O’Connell, the brain behind OneWeb’s recent rise to stardom and also the founder of satellite imagery company GeoEye (acquired by DigitalGlobe Inc. for $1.3 billion), said that “given the strong investor interest [OneWeb] will probably raise some more capital later this year.”

“We have a long way to go to connect the world”

“While we have the key elements in place: regulatory, technology, launches, satellites, as well as commercial operators in over 50 countries and territories, we have a long way to go to connect the world,” O’Connell told DC Inno.

He added, “we believe that having an office near Washington will help us ensure that US decision makers understand the impact of regulations on OneWeb and encourage them to create rules that allow us to accomplish our important mission of providing access to everyone.  The U.S. government generally, and the Federal Communications Commission (FCC) specifically, play a very important leadership role in satellite communications around the world, so we are glad that we have staff located near Washington.”

But what exactly is OneWeb? How could a local, space-centric company that has raised more than $500 million and sits in our backyard not be in the public spotlight while the likes of Jeff Bezos’ Blue Origin and Elon Musk’s SpaceX consistently steal the headlines?

Identity

In broad strokes, the company claims that it’s mission is to bring affordable internet to everyone, across the globe, and to provide a connected infrastructure in times of emergency. It aims to do so with low orbit satellites, which hover up in the atmosphere between 100 miles and 1,200 miles and that communicate with small, low-cost user terminals on the Earth. These terminals then emit “LTE, 3G and WiFi to the surrounding areas, providing high-speed access.” The terminals can be either stationary or mounted onto vehicles, bringing a large, mobile internet network to specific regions.

OneWeb mobile terminal via co.

Importantly, it’s necessary to understand that OneWeb doesn’t exactly “provide internet” per say, as much as they “act as an extension of existing networks.”

“Much of the world is already covered by ISPs and mobile operators’ high capacity networks. Our system is designed to extend these networks into rural areas and create affordable connectivity for all. Our small cell terminals and core network will be fully 3GPP compatible, so partner operators will be able to use our infrastructure with their current customers, devices and billing systems,” OneWeb’s website reads.

From a use case scenario standpoint, OneWeb says that its system could be used by emergency personnel in the case of natural disasters, expand in-flight connectivity and bring internet to rural areas.

But perhaps the most prevalent business avenue for the company will come via partnership with the likes of large internet corporations. These partnerships are hinted at through the company’s website, and then explained in short by saying that “partner operators” can leverage OneWeb’s terminals to reach customers.

Meanwhile, OneWeb remains an “early stage” venture even in the face of mass funding, said O’Connell. It’s unclear, but also likely, that OneWeb is operating in a pre-revenue mode.

The firm’s apparent satellite and internet terminal engineering acumen, numerous patents and solid partnerships, among other things, make it valuable in nature. Airbus Group, an investor, is the manufacturing partner that helps build OneWeb’s carefully designed satellites that are both cost effective and lighter in weight, making them easier to launch.

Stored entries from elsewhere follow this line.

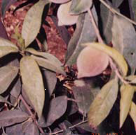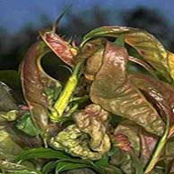 بقع صفراء باهتة على السطح العلوى للأوراق وحول العروق الوسطية وبتقدم الإصابة يحدث اصفرار شامل للأوراق والجفاف والسقوط.
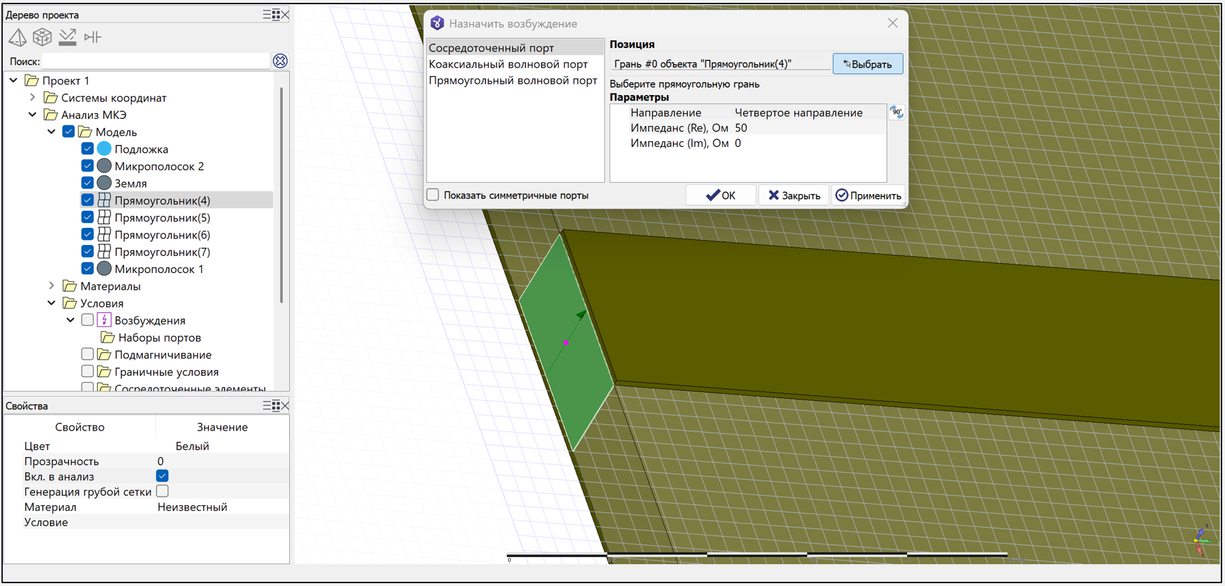 - Создайте стандартные сосредоточенные порты на печатной плате (1 порт входа и 1 порт выхода печатной платы и 2 порта схемотехнического элемента). Для каждого порта выполните следующую команду: Назначить условие > Возбуждение.
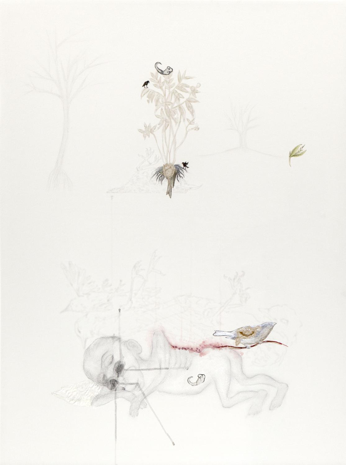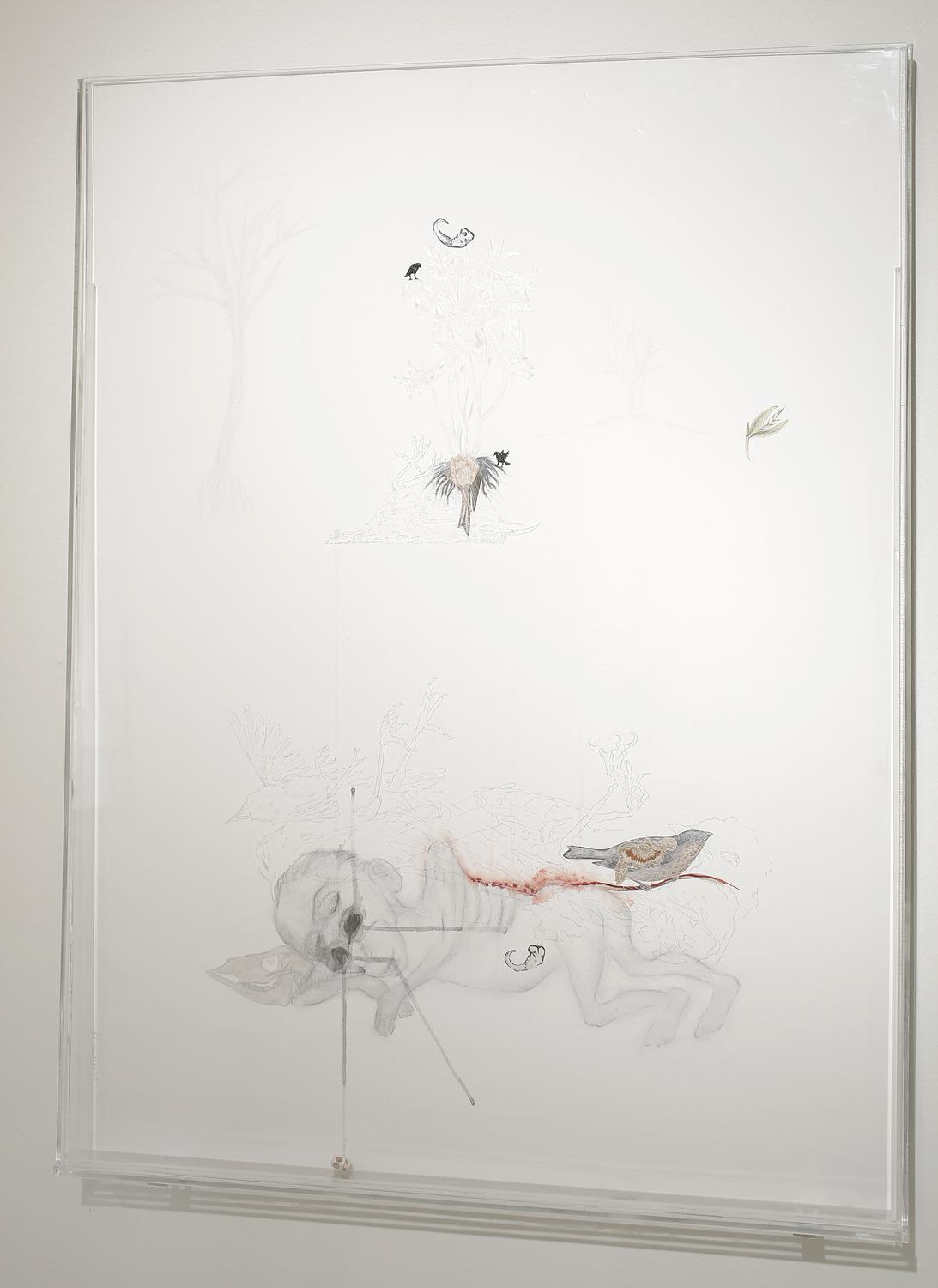 mixed media on paper and hand engraving on acrylic glass

In terms of regulation hurdles and/or other legal obstacles facing the company’s plan to install satellites in space—above numerous sovereign countries, beyond traditional borders—O’Connell said that the legwork has already been done:

“OneWeb has passed the main regulatory hurdle to achieve our mission. The acquisition of spectrum rights through the ITU (International Telecommunication Union). The ITU has treaty based rules in place that allow OneWeb to accomplish our goals on a global basis.Our Ku-band (a frequency in the microwave range that is primarily used for satellite communications) rights give us a strong priority position regarding access to the spectrum we need. This will allow us to confidently build our system without receiving interference from other operators.”